Public works projects will play a dominant role for the northern Nevada construction industry next year, and contracts from the Reno Redevelopment Agency will set the pace.
Among the redevelopment agency's projects:
* Move Reno Fire Station No.1 from Second Street and Evans Avenue to two locations to be built at Fourth Street and Valley Avenue and the Grand Sierra Resort.
* Break ground for an estimated $50 million Triple-A baseball stadium, as well as new retail development, at the site of the former fire station. "We will have shovels in the ground after the first of the year, and we will be playing ball in '09," says Mark Lewis, redevelopment administrator.
* Complete construction on the first phase of the ReTRAC cover from Virginia to West Streets. A second phase will add yet-to-be-determined public uses, Lewis says.
* Begin retail development at City Center Plaza.
* Begin renovation of the downtown postal office into a signature retail center.
* Begin construction of two new downtown parking structures.
* Demolish the Savoy Motel at Sierra and Sixth streets and erect a gateway entry into downtown from the Interstate 80 freeway exit.
* Determine a final location for an urban market and begin construction.
* Begin building fa ade beautification for businesses on the west side of Virginia Street from Second to Third streets.
Meanwhile, two of the area's largest public works projects the I-580 extension from the Mount Rose interchange to Bowers Mansion, and the second phase of the Carson City Freeway, both Nevada Department of Transportation projects are both well under way.
Construction of the Highway 395 Bypass in Carson City began in October and should be completed in 2009. Motorists headed through Washoe Valley, meanwhile, finally will see the Galena Creek Bridge take shape after years of delay.
Topping NDOT's wish list for the coming year and the next big project to take shape in the Truckee Meadows, NDOT spokesman Scott Magruder says will be widening northbound Highway 395 from Moana Lane to the Spaghetti Bowl. Projects such as constructing a new Pyramid Highway, or widening Highway 395 to Stead, are still in the long-term planning stages.
"We have a shortage of funding in both northern and southern Nevada," Magruder says. "Needs have been identified, but we just don't have the funding."
The Truckee Meadows Water Authority expects to complete its $35 million North Virginia Pumping System in the first half of this year. TWMA installed a new transmission main line to increase water delivery capacity to the North Valleys, while at the same time replacing a portion of the outdated Stead delivery system.
Scott Estes, engineering manager with TMWA, says the agency has invested more than $100 million in rehabilitation projects over the past five years and will spend roughly $10 million more in 2008 on water main replacements or pump station rebuilds.
Two large TMWA projects, the Mogul Bypass and the Glendale Diversion, were expected to begin in the upcoming year but are on hold until TMWA determines if it will receive federal funding, Estes says. The Mogul Bypass would replace an open portion of the Highland Canal, which delivers water to the Chalk Bluff Water Treatment Plant on the corner of McCarran and Fourth streets. The Glendale Diversion would replace the existing rock rubble diversion that sends water to TMWA's Glendale Treatment Facility.
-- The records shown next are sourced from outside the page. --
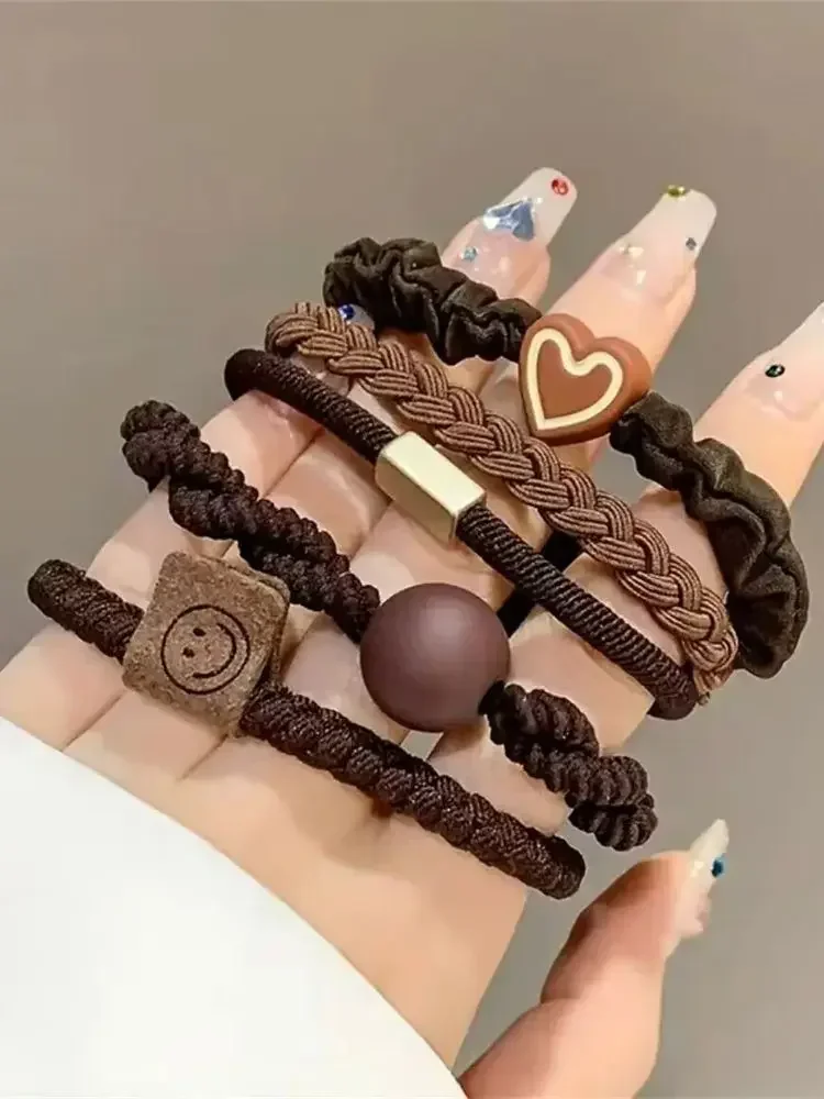 5/10/20pcs Simple Style Hair Tie Set Braided Hair Rope Heart Decor Scrunchies Elastic Ponytail Holder Hair Accessories For Women
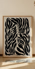 Ein mutiges und elegantes Poster mit abstrakten schwarzen Blattsilhouetten auf beigem Hintergrund. Dieses minimalistische botanische Kunstwerk kombiniert organische Formen mit starken Kontrasten und eignet sich perfekt für moderne und zeitgemäße Innenräume.
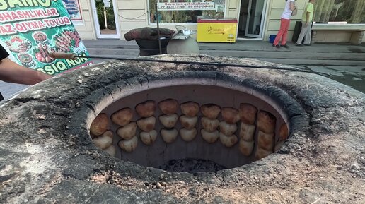 Приготовление самсы в тандыре. Узбекистан. Горный поселок Сиджак. Июнь 2023
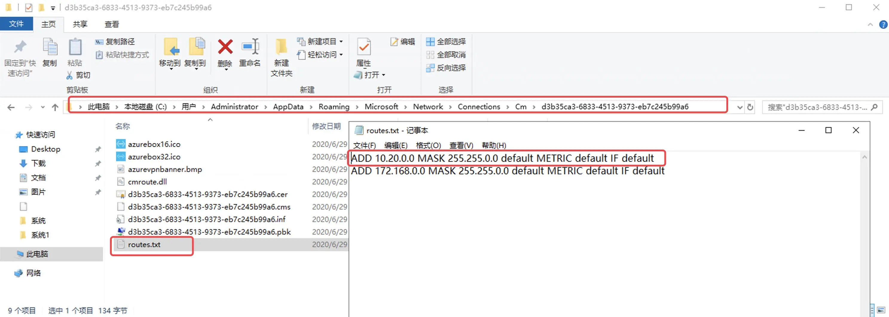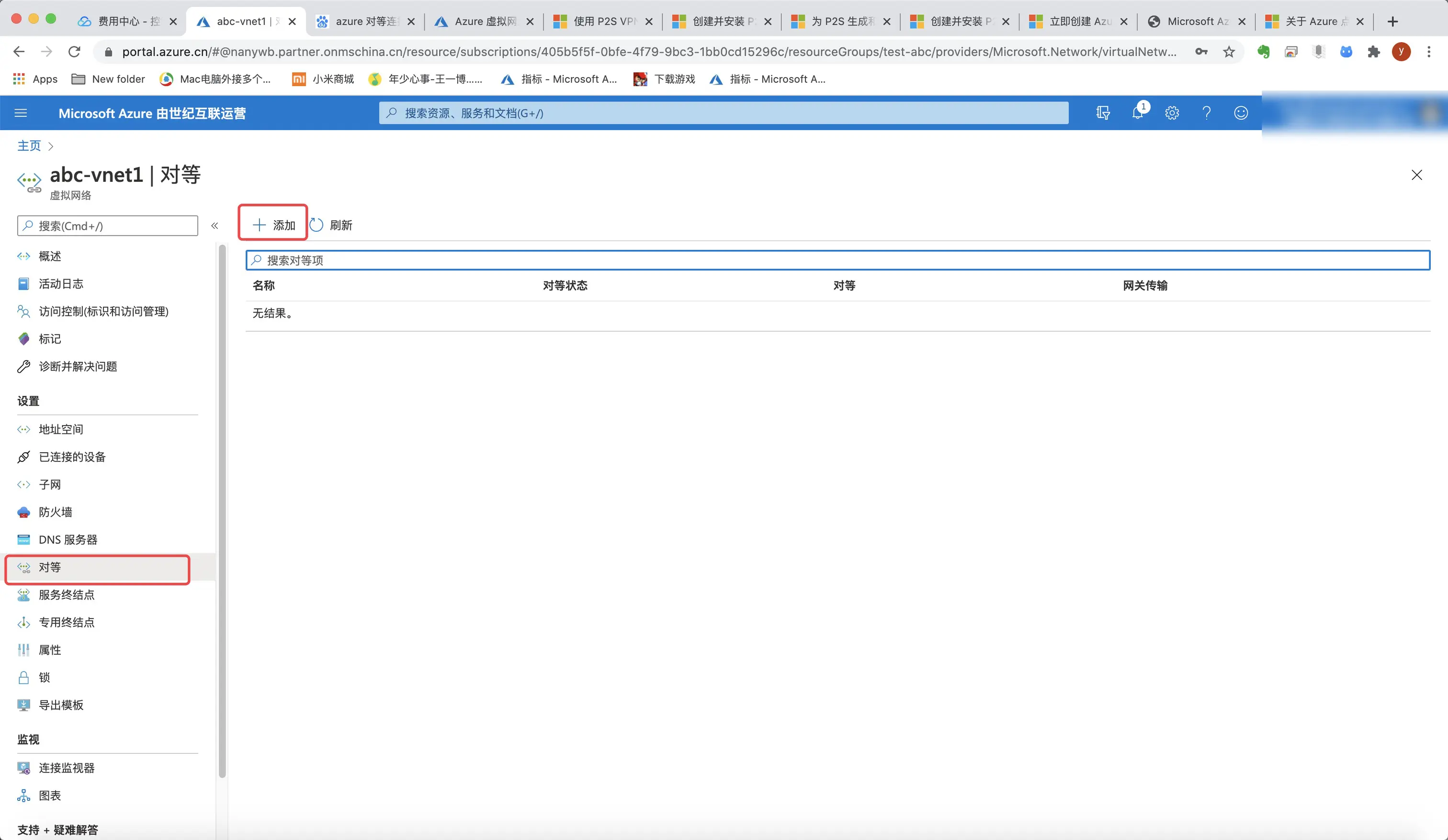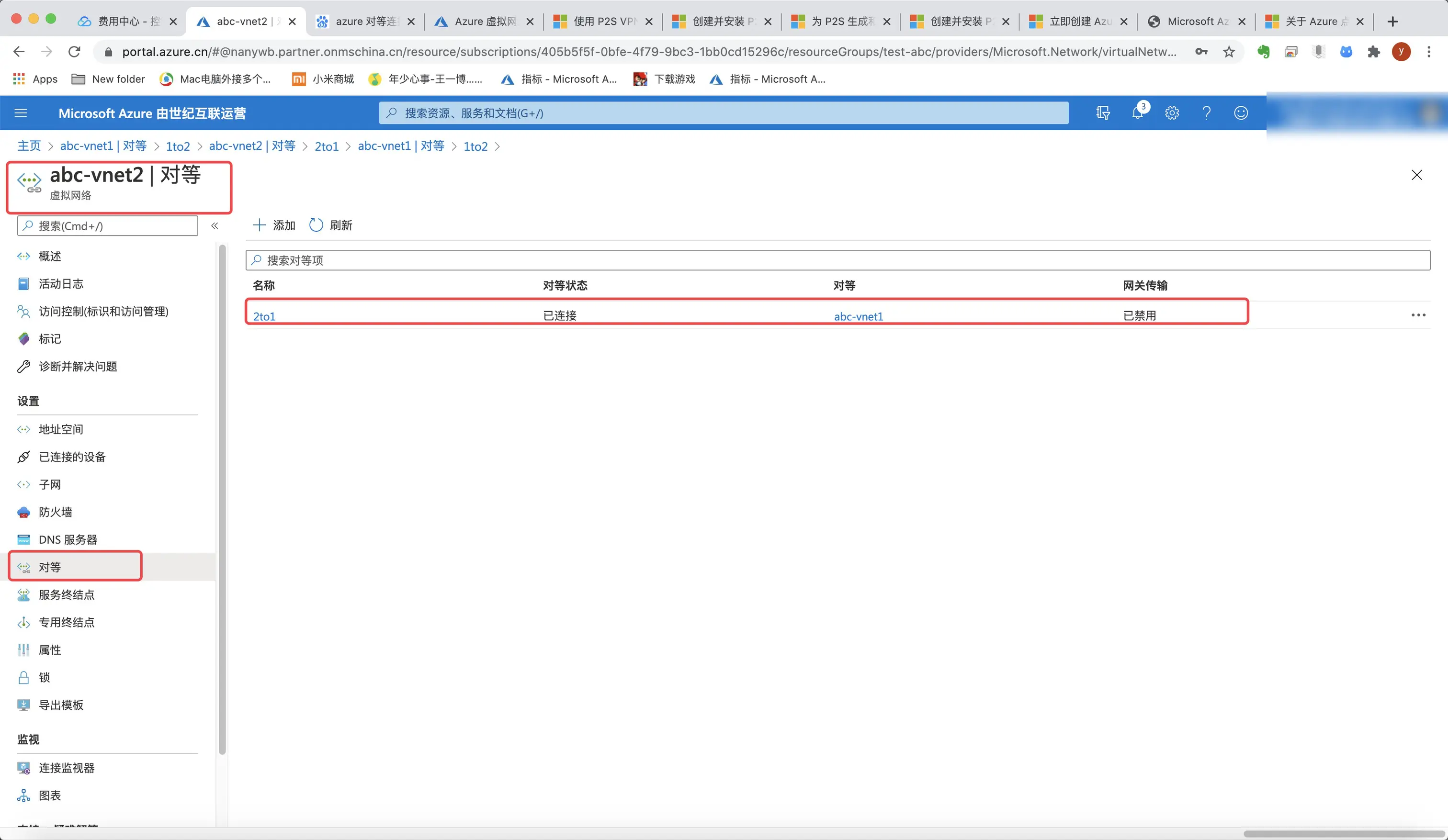 C:\Users\>用户名>\AppData\Roaming\Microsoft\Network\Connections\Cm\<GUID串>可以看到我们abc-vnet1的网段信息。只有10.20.0.0,没有abc-vnet2的10.21.0.1,显然这是无法连通的,所以我们要进行对等连接配置。

The City of Reno expects to complete the 54,000-square-foot, $19 million Downtown Reno Ballroom in February. Also on the agenda: re-roofing the National Bowling Stadium, replacing the elevators at City Hall, and firming up plans for the YMCA building on Foster Drive.
And after repaving near Veterans Memorial Hospital in 2007, the City of Reno will focus on neighborhoods in the old southwest around Mount Rose and Brown streets, says Charla Honey, engineering manager. Repaving shifts to the northwest in 2009 and the northeast and southeast in 2010.
The City of Sparks will see its largest-ever parks project, Golden Eagle Regional Park, come to fruition in 2008, says City Engineer Pete Etchart.
Motorists frustrated with construction of the $12 million Spanish Springs Sewer Interceptor on Sparks Boulevard can expect work crews to be gone by March, says Chris Cobb, capital projects manager for the City of Sparks.
In Fernley, Santa Rosa, Calif.-based KG Walters Construction has begun the initial phases of the city's new water treatment plant, a multi-stage project scheduled for completion on July 2009 that ultimately could cost $43 million to build out, City Manager Gary Bacock says.